Così, poco più di un anno fa, CESI, Edison, Enel Green Power, GSE, Politecnico di Milano e
PricewaterhouseCoopers hanno fondato l’associazione Res4Med , che oggi conta tra i soci
anche Asja Ambiente, Terna Plus, Università Bocconi, Politecnico di Torino. Durante
l’ultimoSolarExpo, a maggio scorso, si sono riunite alla fiera di Milano iniziative come OME,
Desertec, Medgrid, Medreg, e Medrec, insieme ai rappresentanti di sei paesi della sponda Sud-Est
(Algeria, Giordania, Libia, Marocco, Tunisia e Turchia) per fare il punto sull’effettivo sviluppo delle
rinnovabili, sull’efficacia delle iniziative e per individuare priorità e prospettive per il futuro. Nel 2008,
del resto, la Commissione Europea aveva già lanciato il Piano Solare Mediterraneo , appoggiando
l’importazione di energia dal Maghreb, ma oggi, spiega il segretario generale dell’associazione Roberto
Vigotti, “quel documento va rivisto”: “Stiamo elaborando raccomandazioni concrete da sottoporre
all’incontro Interministeriale Euro-Mediterraneo di metà dicembre a Bruxelles. Vogliamo
far capire che quella non è più una priorità per adesso e che bisogna piuttosto procedere con una
politica dei piccoli passi”.
A pesare sul cambio di passo, oltre all’avvenuto raggiungimento degli obiettivi europei del
pacchetto 20-20-20 senza bisogno dell’energia dei deserti, c’è anche l’instabilità politica, che
negli ultimi due anni ha messo in fuga investitori e capitali: secondo l’OCSE, solo tra il 2010 e il 2011, gli
investimenti diretti stranieri hanno subito una riduzione del 60%. “La primavera araba ha
congelato la situazione, facendo raffreddare anche gli investitori più entusiasti, come i
tedeschi e i francesi”, riflette Vigotti. Per le aziende e i soggetti raccolti nell’associazione serve un
approccio diverso: “L’idea iniziale di Desertec appariva come una cosa calata dall’alto, eurocentrica, e
necessitava oltretutto di ingenti investimenti e infrastrutture che oggi nei Paesi MENA non ci sono. La
nostra proposta è quindi di iniziare a fare partnership e joint venture per costruire
impianti più piccoli, da 50 o 100 MW, e rimandare il progetto originale di 20 o 30 anni”,
quando l’importazione di energia rinnovabile potrebbe aiutare effettivamente l’Europa a raggiungere gli
obiettivi ancora più ambiziosi che l’Ue porrà dopo il 2020. In quel momento, si prevede, le rinnovabili si
saranno largamente diffuse anche nel Nord Africa e del Medio oriente, e quei Paesi potranno essere
coinvolti in modo più paritario.
Le aziende italiane stanno seguendo questa strategia: “Enel Green Power partecipa alle gare in
Marocco per la costruzione di nuovi impianti rinnovabili.

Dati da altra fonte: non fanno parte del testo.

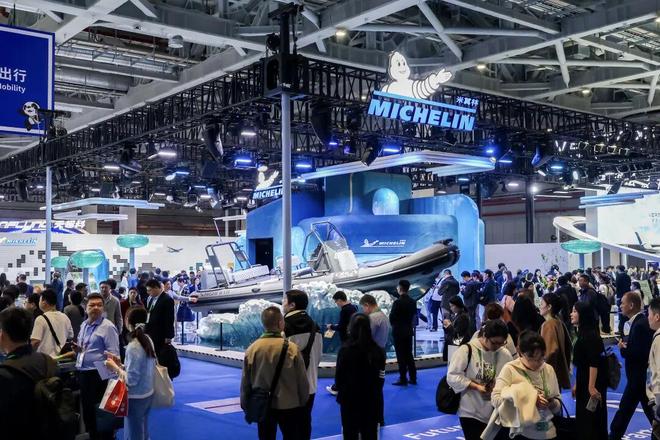同时米其林71%可持续轮胎亮相现场设置八个沉浸式场景,其中由子公司Flexible Composite Group(FCG)打造的刚性充气艇完成中国首展。

Italgen, del gruppo Italcementi, realizza in
Maghreb pale eoliche per alimentare i propri cementifici”. E il settore delle energie sostenibili
potrebbe essere anche la via per soddisfare la richiesta di maggiore occupazione dei
cittadini nordafricani e mediorientali, emersa con la Primavera araba e destinata ad aumentare:
una persona su tre a Sud del Mediterraneo ha meno di 15 anni e il numero di questa fascia di
popolazione supera il totale dei cittadini europei; inoltre, il numero di giovani che tra pochi anni
cercherà un lavoro supera il numero di posti di lavoro attuali. “Studi dell’OECD mostrano come i
progetti di energia rinnovabile abbiano più alte intensità di lavoro per unità di capacità
installata di quelli dei tradizionali combustibili fossili: per la produzione della stessa quantità
di MWh gli impianti fotovoltaici utilizzano almeno cinque volte più forza lavoro che gli impianti
tradizionali a carbone. Per l’eolico, si tratta del doppio. Inoltre i benefici sarebbero sia per la
manodopera qualificata che per quella più generica”, spiegano Roberto Vigotti e l’analista Roberta
Lusardi di Res4Med.
C’è ancora un nodo, però, che rimane da sciogliere: quello dell’accettazione di questi progetti da parte
dei cittadini. “Bisogna informarli – conclude il segretario generale, che le rinnovabili servono a creare
posti di lavoro e a ridurre l’inquinamento, altrimenti succede che questi impianti vengono percepiti
come frutto di inciuci tra la classe dirigente e le imprese straniere. In Marocco, per esempio, un campo
solare che si sta costruendo nel deserto e che fornirà energia ai centri abitati viene paragonato alla
grande moschea di Casablanca, fatta costruire dal re completamente a spese dei cittadini”.